Wow - amazing motility! I did have symptoms on my first IUI too but as the HCG trigger worked its way out of my system, they gradually wore off and I got a BFN - however, you never know! Everything sounds good so you'll just have to wait and see. Are you going to test at all before the b/w???? Loads of luck. Keep us posted. xxxxx


----------



## BabyChristie

Hi looknomore - any more symptoms today? Great that you had two follies - you've got both sides covered so it doesn't matter which way the spermies swam which is always good. :happydance:

Can i just ask how you know exactly when you ovulated? My IUI was timed 36 hours after the trigger but I'm always worry I might ovulate earlier. I had loads of twinges the day after the trigger, particularly the night before the IUI. Then had a few on the morning and even one massive last twinge in the ovary with 2 follies on 10 mins after as I laid on the bed recovering, but I don't know when I actually ovulated. Very frustrating! I just want to know that we hit the timing right!

x


----------



## looknomore

Hey Babychristie- I was being monitored everyday thru tansvaginal ultrasound as so what the position on my ovulation is since dh was travelling on the exact same day of my expected ovulation.

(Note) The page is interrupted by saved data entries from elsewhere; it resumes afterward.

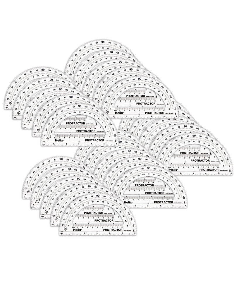 The classic school protractor! This 180 degree protractor is made of crystal clear plastic construction so you can easily see the angle you're drawing, and features 6" and 10cm rulers for easy measuring. Integrated centering hole is easy to set at the angle start point, and the angle graduations allow you to measure angles right to left or left to right. Protractor edge features beveled edges for clean, accurate lines! Sold as a pack of 25 protractors.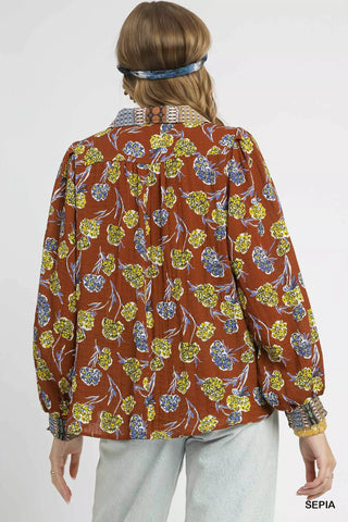 Umgee Floral Print Collar Blouse - SEPIA / S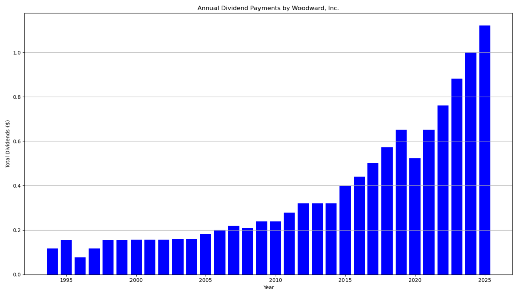 Woodward zahlt regelmäßig Quartalsdividenden, weist aber explizit darauf hin, dass zukünftige Ausschüttungen im Ermessen des Boards liegen. Die Payout Ratio ist niedrig, was die Dividende gut absichert, allerdings ist die Dividendenrendite vergleichsweise gering.

SO the HCG trigger was given on Sunday and I ovulated on my right ovary sometime on monday and the left ovary on tuesday afternoon. My doc cud see the leftover CL when she monitored me on tuesday afternoon. DH was back in the evening so the IUI happened on tuesday at 9 PM. Was pretty stressful with all the timing and praying i dont miss the window. So, I am not sure if i was too late with the IUI for the right ovary :-( Also my doc had made me check the LH surge thru OPK on sunday when i got the surge so i knew I would ovulate by monday/tuesday. From what I have read, for male factor infertility its better that the IUI is done post ovulation. DH's semen injected was 30 million with 85% motility.

The doc said that the timing was alright though she would have liked to do it a bit earlier that day. SO keeping my fingers crossed.

Also the symptoms are better now. Am sleeping a lot so that i dont feel too dizzy. I am sure they are not pregnancy symptoms because day 1 of my ttc when i met my doc and asked her what early pregnancy symptoms are- she said "There are no symptoms. Missed period is the only symptom". Haha- wise words that save from a lot of heartache. Anyway day 14 will tell.


----------



## BabyChristie

It sounds like you were being looked after really well and that they were covering every angle. My DH is away at the peak time next month so if this doesn't work we'll have to wait a month, which is a real shame as we were hoping to go on to IVF in April. Who knows, maybe it won't come to that anyway....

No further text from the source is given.